───── STUDY MATERIAL ─────

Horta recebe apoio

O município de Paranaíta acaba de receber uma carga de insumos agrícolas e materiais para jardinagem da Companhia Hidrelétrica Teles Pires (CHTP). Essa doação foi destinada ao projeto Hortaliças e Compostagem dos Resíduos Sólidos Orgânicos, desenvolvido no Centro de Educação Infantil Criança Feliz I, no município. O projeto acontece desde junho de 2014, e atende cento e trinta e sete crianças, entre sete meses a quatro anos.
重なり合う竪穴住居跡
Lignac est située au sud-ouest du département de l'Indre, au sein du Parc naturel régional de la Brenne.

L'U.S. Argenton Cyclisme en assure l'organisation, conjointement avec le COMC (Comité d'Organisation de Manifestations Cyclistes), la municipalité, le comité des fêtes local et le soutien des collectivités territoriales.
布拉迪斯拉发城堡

─────
───── STUDY MATERIAL ─────

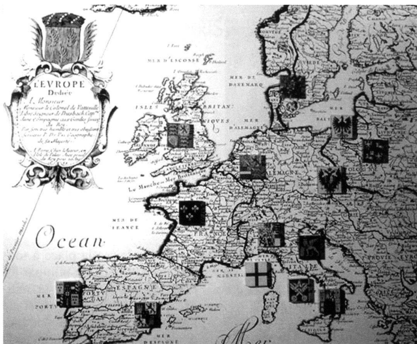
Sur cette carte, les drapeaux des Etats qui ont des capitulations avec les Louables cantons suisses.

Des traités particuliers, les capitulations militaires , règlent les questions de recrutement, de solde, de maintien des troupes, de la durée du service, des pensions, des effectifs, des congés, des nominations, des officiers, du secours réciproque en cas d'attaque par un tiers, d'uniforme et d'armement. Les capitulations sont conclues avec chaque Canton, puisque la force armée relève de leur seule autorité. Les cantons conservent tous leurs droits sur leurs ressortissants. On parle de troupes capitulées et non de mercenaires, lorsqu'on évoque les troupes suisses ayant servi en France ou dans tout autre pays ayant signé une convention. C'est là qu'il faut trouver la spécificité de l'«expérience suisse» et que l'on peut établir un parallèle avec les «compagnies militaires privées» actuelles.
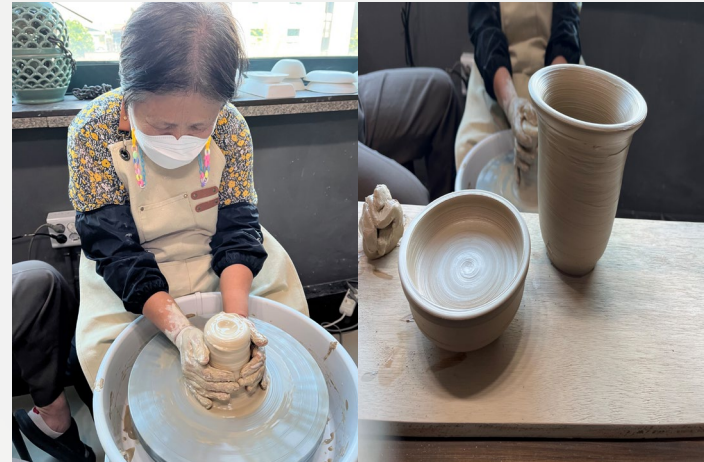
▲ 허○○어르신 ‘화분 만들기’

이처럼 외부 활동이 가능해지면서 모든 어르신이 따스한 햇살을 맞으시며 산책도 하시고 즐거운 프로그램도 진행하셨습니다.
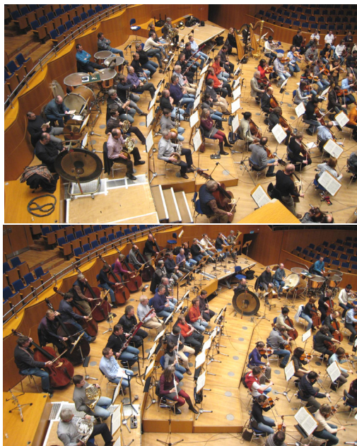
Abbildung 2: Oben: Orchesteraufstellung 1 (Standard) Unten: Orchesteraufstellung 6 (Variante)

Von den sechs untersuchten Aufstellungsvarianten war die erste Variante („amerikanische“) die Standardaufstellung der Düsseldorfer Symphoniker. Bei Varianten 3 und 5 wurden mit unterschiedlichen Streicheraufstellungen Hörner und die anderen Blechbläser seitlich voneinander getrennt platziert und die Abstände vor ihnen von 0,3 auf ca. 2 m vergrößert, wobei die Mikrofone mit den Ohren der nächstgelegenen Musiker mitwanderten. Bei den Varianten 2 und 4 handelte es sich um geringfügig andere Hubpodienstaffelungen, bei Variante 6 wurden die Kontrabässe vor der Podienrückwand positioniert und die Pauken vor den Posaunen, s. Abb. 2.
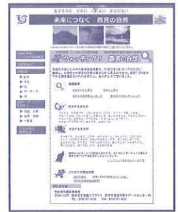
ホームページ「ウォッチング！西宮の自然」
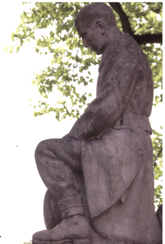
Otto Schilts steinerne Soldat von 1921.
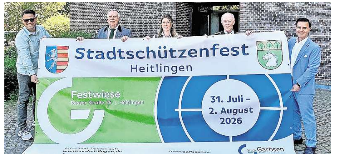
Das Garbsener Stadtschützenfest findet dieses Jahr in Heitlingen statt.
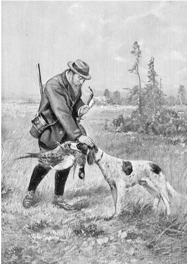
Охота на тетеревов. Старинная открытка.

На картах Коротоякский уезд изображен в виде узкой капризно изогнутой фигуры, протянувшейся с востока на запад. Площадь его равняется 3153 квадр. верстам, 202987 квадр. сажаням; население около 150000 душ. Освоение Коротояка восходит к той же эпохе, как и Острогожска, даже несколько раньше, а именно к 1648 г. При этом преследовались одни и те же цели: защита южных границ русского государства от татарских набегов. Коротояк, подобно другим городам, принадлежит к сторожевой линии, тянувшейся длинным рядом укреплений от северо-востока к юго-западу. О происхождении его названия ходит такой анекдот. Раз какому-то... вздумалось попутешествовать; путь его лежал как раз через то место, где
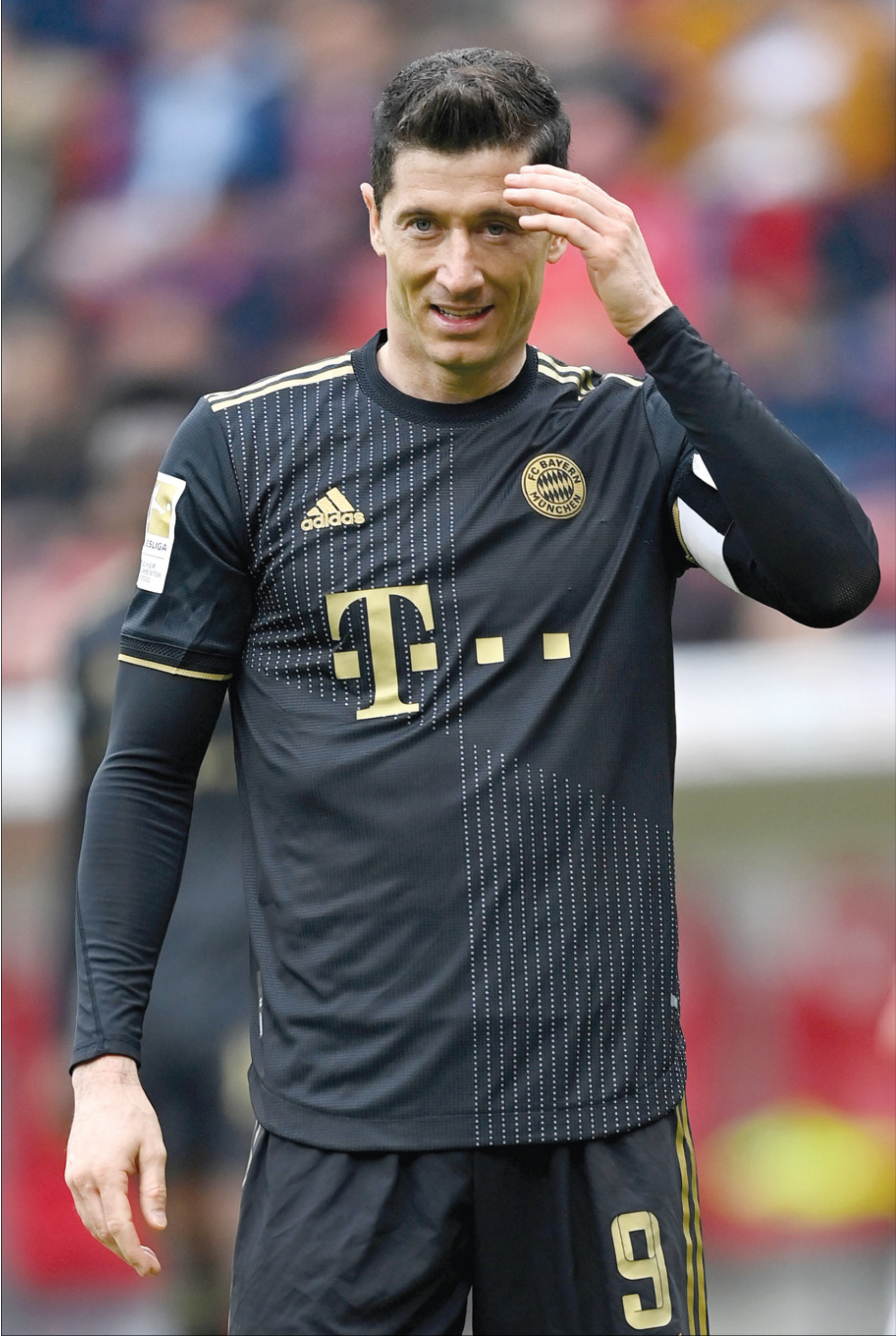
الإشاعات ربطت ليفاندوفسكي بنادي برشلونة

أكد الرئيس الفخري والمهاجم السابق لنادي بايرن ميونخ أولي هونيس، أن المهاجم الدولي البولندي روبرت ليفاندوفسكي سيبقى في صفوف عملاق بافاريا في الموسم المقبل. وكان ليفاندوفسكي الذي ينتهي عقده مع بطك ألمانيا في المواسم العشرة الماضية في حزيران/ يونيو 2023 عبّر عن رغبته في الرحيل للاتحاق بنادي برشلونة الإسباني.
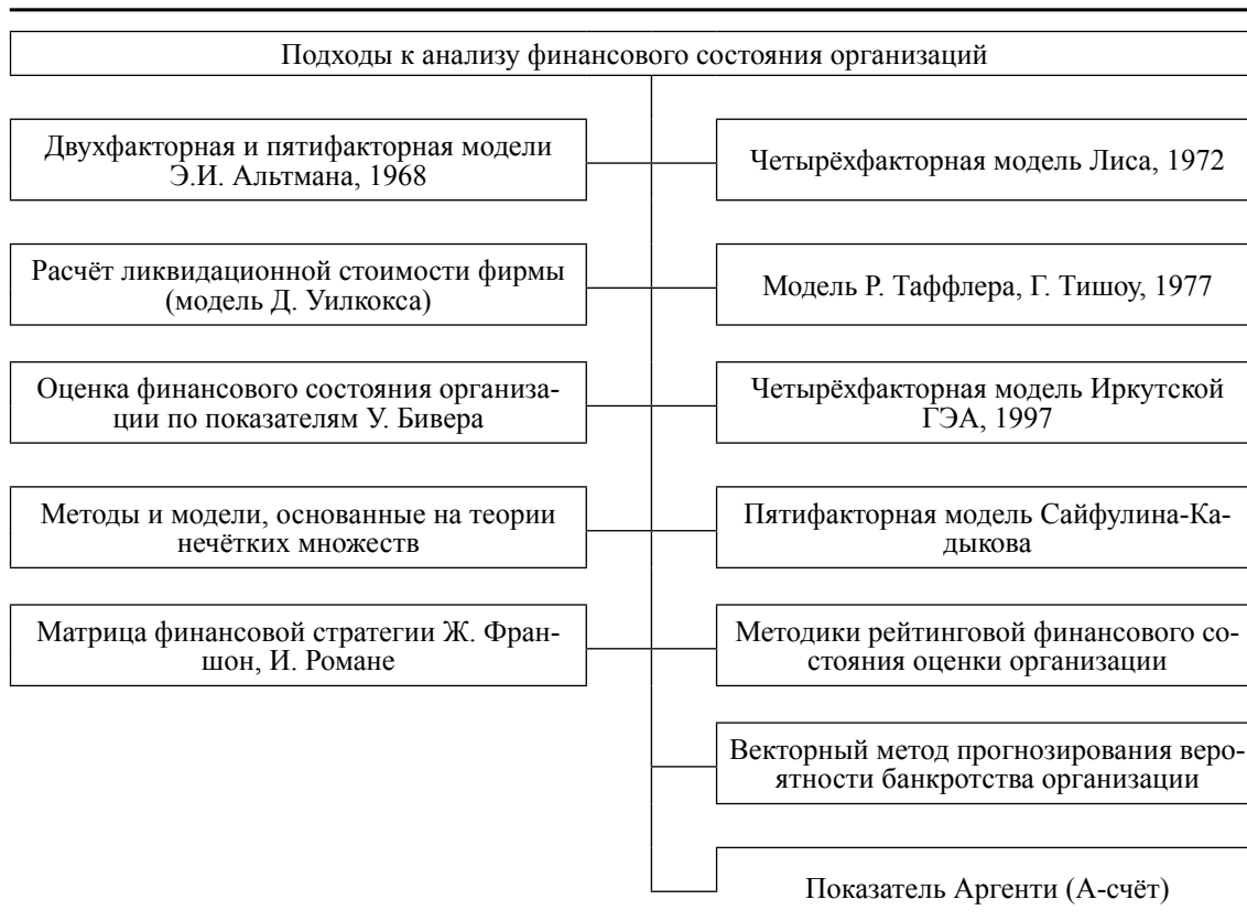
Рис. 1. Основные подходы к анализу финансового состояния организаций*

─────
───── STUDY MATERIAL ─────

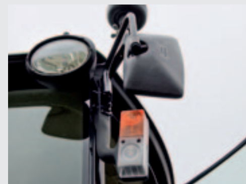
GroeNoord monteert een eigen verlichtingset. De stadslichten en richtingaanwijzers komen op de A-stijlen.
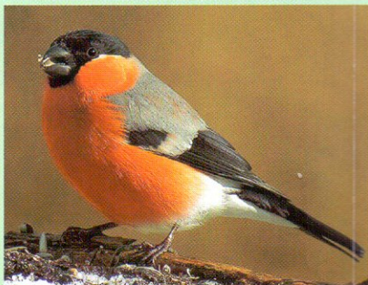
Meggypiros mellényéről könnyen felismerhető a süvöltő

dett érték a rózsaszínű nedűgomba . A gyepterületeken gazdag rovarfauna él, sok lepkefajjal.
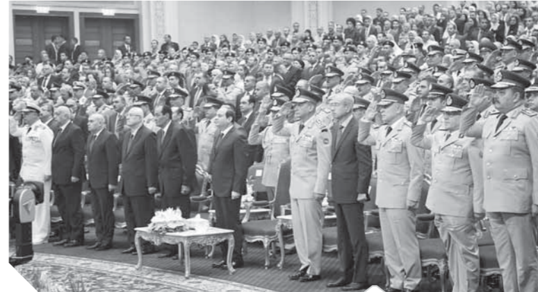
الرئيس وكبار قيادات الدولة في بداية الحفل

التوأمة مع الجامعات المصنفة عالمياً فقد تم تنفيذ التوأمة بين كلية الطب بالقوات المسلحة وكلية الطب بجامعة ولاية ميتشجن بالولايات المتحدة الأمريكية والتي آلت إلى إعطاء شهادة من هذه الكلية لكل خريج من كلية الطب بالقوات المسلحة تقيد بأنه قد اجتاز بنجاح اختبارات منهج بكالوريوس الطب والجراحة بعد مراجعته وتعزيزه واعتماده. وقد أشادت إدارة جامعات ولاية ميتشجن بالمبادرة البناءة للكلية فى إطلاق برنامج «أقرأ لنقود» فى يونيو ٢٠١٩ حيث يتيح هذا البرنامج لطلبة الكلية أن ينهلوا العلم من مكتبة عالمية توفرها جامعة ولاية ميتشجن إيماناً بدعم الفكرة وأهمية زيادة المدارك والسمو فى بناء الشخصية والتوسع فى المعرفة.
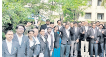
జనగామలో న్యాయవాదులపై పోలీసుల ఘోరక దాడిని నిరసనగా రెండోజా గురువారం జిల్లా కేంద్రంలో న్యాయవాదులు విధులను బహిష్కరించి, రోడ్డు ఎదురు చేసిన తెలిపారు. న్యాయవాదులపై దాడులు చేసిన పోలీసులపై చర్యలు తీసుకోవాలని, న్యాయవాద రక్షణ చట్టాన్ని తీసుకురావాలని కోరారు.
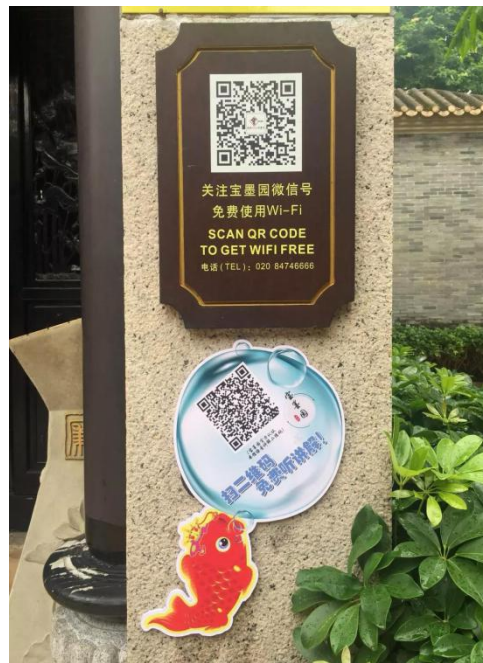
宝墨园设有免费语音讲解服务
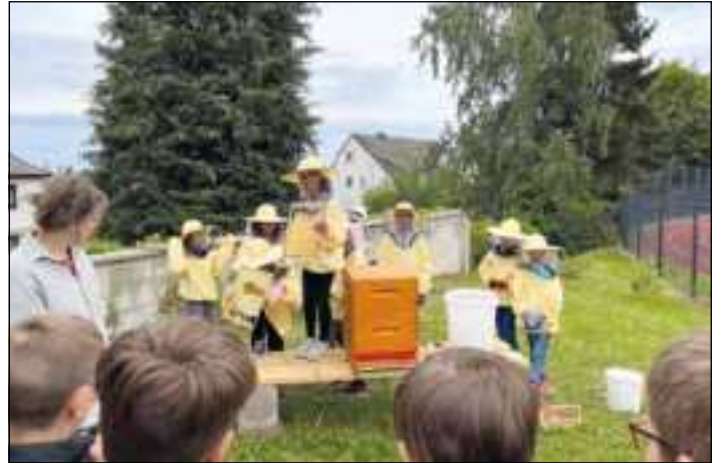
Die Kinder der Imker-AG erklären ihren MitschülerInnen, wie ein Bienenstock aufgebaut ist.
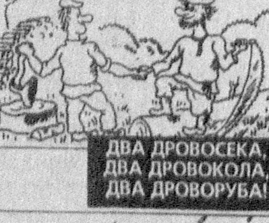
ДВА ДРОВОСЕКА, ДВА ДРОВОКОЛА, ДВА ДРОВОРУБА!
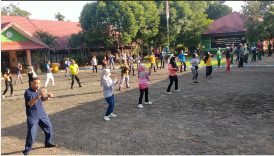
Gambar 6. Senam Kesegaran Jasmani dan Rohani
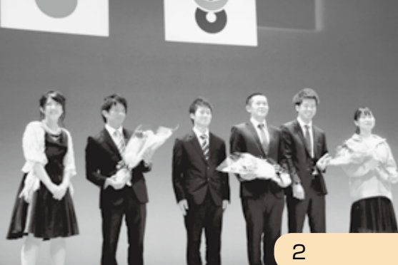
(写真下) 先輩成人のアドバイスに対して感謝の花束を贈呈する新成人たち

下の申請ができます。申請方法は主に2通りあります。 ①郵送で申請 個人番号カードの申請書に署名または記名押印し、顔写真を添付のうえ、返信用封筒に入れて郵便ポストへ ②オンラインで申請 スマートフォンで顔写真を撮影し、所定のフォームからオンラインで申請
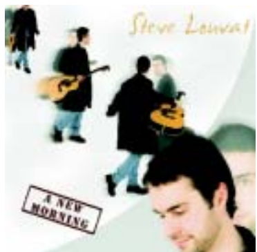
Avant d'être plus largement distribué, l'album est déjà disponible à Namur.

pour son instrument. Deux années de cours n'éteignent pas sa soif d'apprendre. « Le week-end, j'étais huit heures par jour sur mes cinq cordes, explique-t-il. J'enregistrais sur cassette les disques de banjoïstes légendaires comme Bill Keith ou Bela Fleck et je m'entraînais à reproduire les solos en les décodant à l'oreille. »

─────

▶ **INSTRUCTIONS FOR THE TASK**
Out of the data above, transcribe exactly and only the lines starting with the line that has "Horta recebe apoio" and going on through the line that has "Lignac est située", both included.

▶ **WRITTEN REPLY**
Horta recebe apoio

O município de Paranaíta acaba de receber uma carga de insumos agrícolas e materiais para jardinagem da Companhia Hidrelétrica Teles Pires (CHTP). Essa doação foi destinada ao projeto Hortaliças e Compostagem dos Resíduos Sólidos Orgânicos, desenvolvido no Centro de Educação Infantil Criança Feliz I, no município. O projeto acontece desde junho de 2014, e atende cento e trinta e sete crianças, entre sete meses a quatro anos.
重なり合う竪穴住居跡
Lignac est située au sud-ouest du département de l'Indre, au sein du Parc naturel régional de la Brenne.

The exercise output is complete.